Curriculum chapters argue for a holistic school music: integrating science–arts learning, soundscapes, creative technologies, and assessment that values process as well as product (e.g. Model Cornerstone Assessment; theatre/dance frameworks). The chapters are not anti-assessment but more about not reducing curriculum and assessment approaches so that composing, improvising, and reflective practice is captured alongside performance. That is, approaches that capture process as well as product. While much of the policy mapping is European/US-centric, the implications for Australian schools where general capabilities, cross-curriculum priorities, and Arts learning areas already exist are obvious. Music can be a partner in wellbeing, sustainability, and intercultural understanding, provided assessment and accountability are rethought allowing for richer evidence of learning.
Teacher education (Part IV) confronts preservice and in-service learning, urging decolonising pedagogies, activist identities, and sustainable professionalism. The chapters highlight navigating unpredictable futures, building resilience, and expanding technological literacy. The call to develop civic professionalism which links high-quality musical practice with democratic purposes is apt for current debates about initial teacher education in Australia.

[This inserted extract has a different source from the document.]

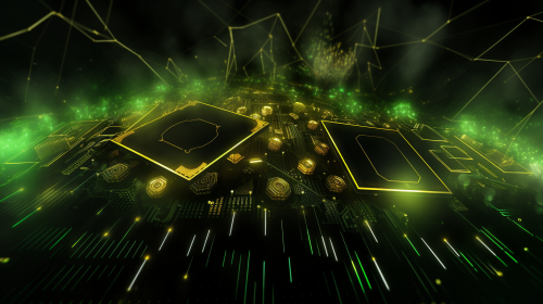 12k ultra hd background, black background with electricity of green and gold, elements of crypto currency --ar 16:9

For the Australian audience, Julie Ballantyne’s Chapter 42 in Part IV “Preparing for an Uncertain Future: Proposing a Reflective-Practice Pathway Towards Productive and Reflexive Professional Identities” is particularly relevant. This chapter discusses teacher identity and agency, culturally responsive pedagogy, and professional development and advocacy. She introduces frameworks like the reflexivity and professional identity development cycle (RAPID) (Bain et al., 2002; Beijaard et al., 2004; Korthagen & Nuijten, 2022; Van Manen, 1995) for critical reflection, advocates for decolonising music education, discusses the need for arts-based learning as essential for teacher growth, and urges educators to engage in grassroots advocacy alongside policy conversations. This chapter provides practical and philosophical tools for educators to support Indigenous voices in music education, address equity and inclusion for diverse learners, and how to maintain creative and ethical practices whilst facing other systemic pressures.
Overall, this handbook – although long – works well due to the editorial architecture across philosophy, justice, curriculum, and teacher education. Its international range offers comparative lenses that Australian educators can adapt with local refinement and input. Its refusal to treat democracy as mere voting or “student voice”, its insistence on class analysis, and its recovery of the aesthetic are notable contributions. At times, the policy examples lean heavily on certain European and US contexts meaning that the realities of Australian schooling, such as Aboriginal and Torres Strait Islander perspectives, and remote and very remote schooling, are missing from discussions. Not all chapters offer practical frameworks or models which you would expect from a handbook. However, the thought-provoking reframing of music education in schools can offer leaders, teachers, and teacher educators ways to embed music more deeply and justly in schooling without sacrificing musical integrity.